Remarque : les sciences humaines ont pour objet d’étude l’homme non pas en tant qu’être
biologique, mais en tant qu’il est engagé, par la culture, dans des rapports sociaux,
économiques, politiques, psychologiques, etc. L’histoire, la géographie, les sciences
économiques, les sciences politiques, la psychologie, la sociologie, etc. sont des sciences
humaines. Les sciences ont pour objet d’étude la nature : la physique, la médecine, la
botanique, etc. sont des sciences.
Les sciences humaines considèrent que la religion est une expression de la culture c’est-à-dire une
production de l’homme au même titre que la technique, l’art, la science, etc.

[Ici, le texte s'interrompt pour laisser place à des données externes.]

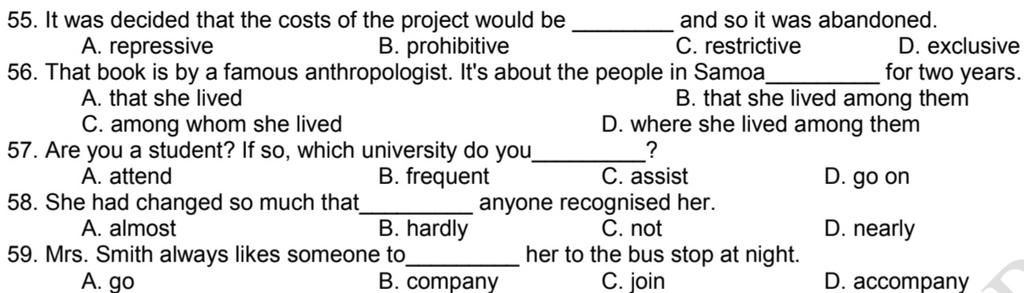 55. B prohibitive ~ giá cao đến mức không thể mua được/ngăn cấm
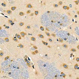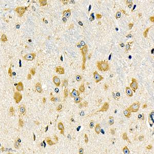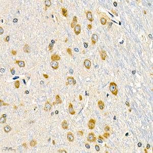 IHC检测EIF2S1蛋白(货号 GB11544). 样品: 小鼠脑, 4%多聚甲醛 (货号G1101) 固定12-24小时. 抗原修复: 柠檬酸抗原修复液(干粉, pH 6.0) (G1201), 98℃, 20分钟. —抗: 1: 1500稀释, 4℃ 孵育过夜. 二抗: HRP标记山羊抗兔IgG (H+L) (货号GB23303), 1: 200稀释, 室温孵育1小时. |
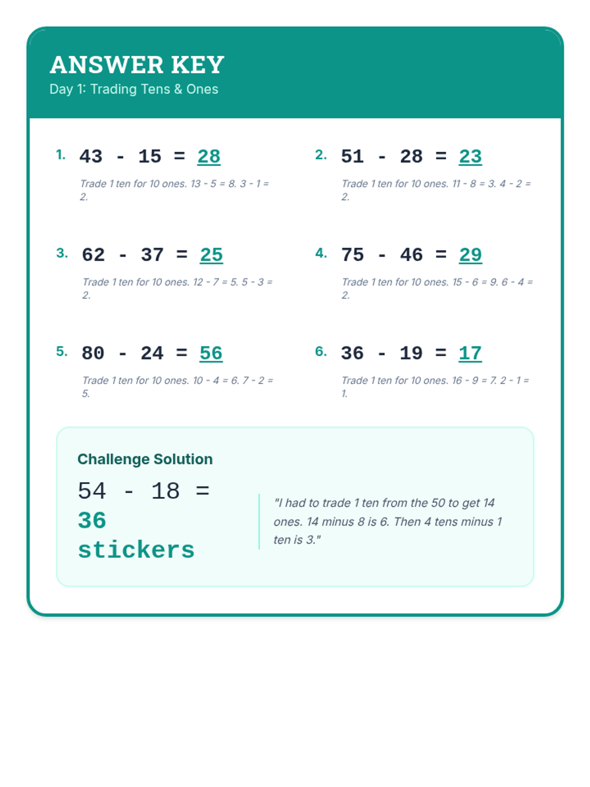 Subtract & Regroup Day 1 Answer Key
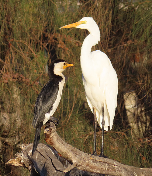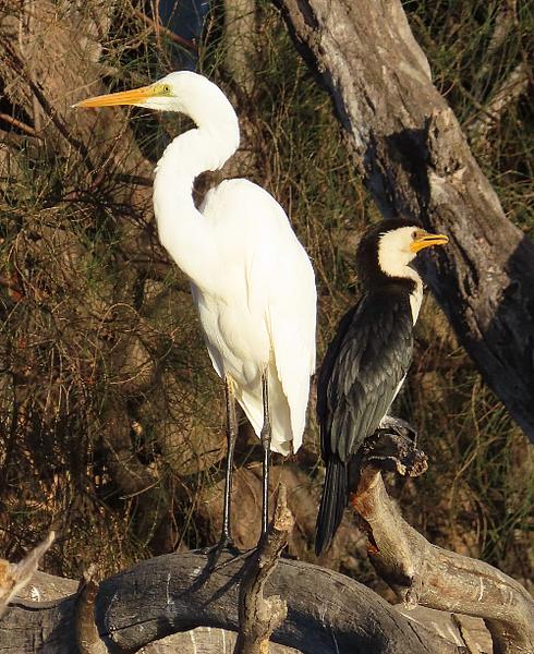 A Great Egret and a Little Pied Cormorant sharing some time together.
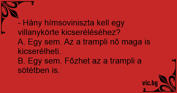 - Hány hímsoviniszta kell egy villanykörte kicseréléséhez?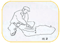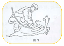第一道工序:剪毛工将羊放倒,腹部朝上,并将羊的右后腿夹在右腿关节中之后,呈下蹲姿势。从羊腹部右侧前后腿之间开剪,依次向左侧剪完腹部毛,剪公羊包皮附近抟时要特别小心需横向推进,母羊乳房后部的毛也应在此时剪掉,为了避免剪掉或剪伤乳头应用左手手指扭在乳头后剪毛。(图1所示) |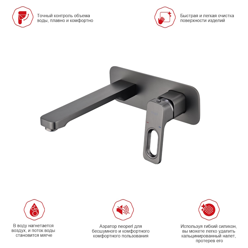 R51.11.09 Встраиваемый смеситель для раковины от Raglo - это качественное и функциональное сантехническое оборудование от производителя. Если у вас есть желание обновить свою ванную комнату, то данный смеситель станет прекрасным выбором для вас. Он сочетает в себе стильный дизайн и высокие технические характеристики, которые позволят вам комфортно пользоваться умывальником. Его удлиненный излив обеспечит удобство и комфорт при использовании. Благодаря керамическому картриджу, вы сможете регулировать поток воды с легкостью, получая идеальную температуру воды для своих нужд. Смеситель имеет функцию скрытого монтажа, что делает его эстетичным и современным. Отделка "графит" придает смесителю изысканности и делает его устойчивым к коррозии. Этот смеситель оснащен надежной и долговечной латунной конструкцией, что гарантирует его долгий срок службы. Комплектация смесителя включает все необходимые элементы для установки, что позволяет вам приступить к использованию оборудования сразу же после покупки.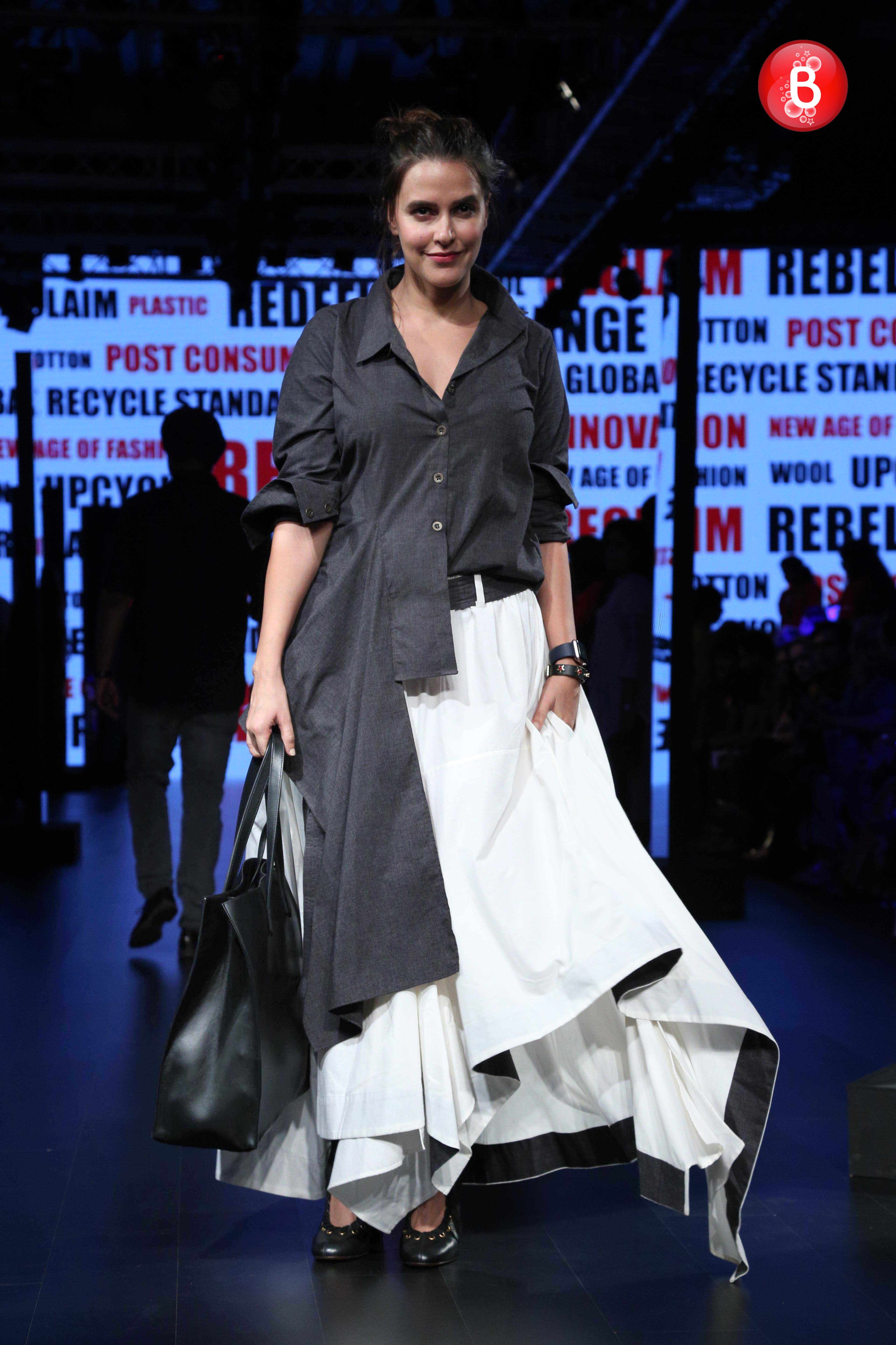 Gracing the fashion event's runway with her presence was actress Neha Dhupia. Wearing something bizarre as usual, Neha opted for a high-low hemline white long skirt along with a black asymmetrical longline shirt. Verdict- We really are confused about what Neha is actually wearing. Apart from her bag, her bold lip colour and those heels, nothing looks flattering at all Style score- 2/5!

Ainsi, pour Karl Marx (économiste et philosophe allemand, 1818 - 1883), la religion est l’expression
compensatrice de l’aliénation économique du prolétariat et joue une fonction dormitive. « La religion
est l’opium du peuple, l’âme d’un monde sans âme, l’esprit d’un monde sans esprit » écrit-il. C’est
donc l’homme qui crée la religion et non pas la religion qui crée l’homme.
Ainsi pour Sigmund Freud (psychanalyste autrichien, 1856 - 1939), la religion est l’expression d’une
angoisse infantile par laquelle l’homme cherche la sécurité auprès de sa mère, puis de son père, puis
d’un Père d’une dignité plus élevée, c’est à dire de Dieu lui-même qui apparaît alors comme
l’expression d’une névrose par conversion hystérique de l’angoisse.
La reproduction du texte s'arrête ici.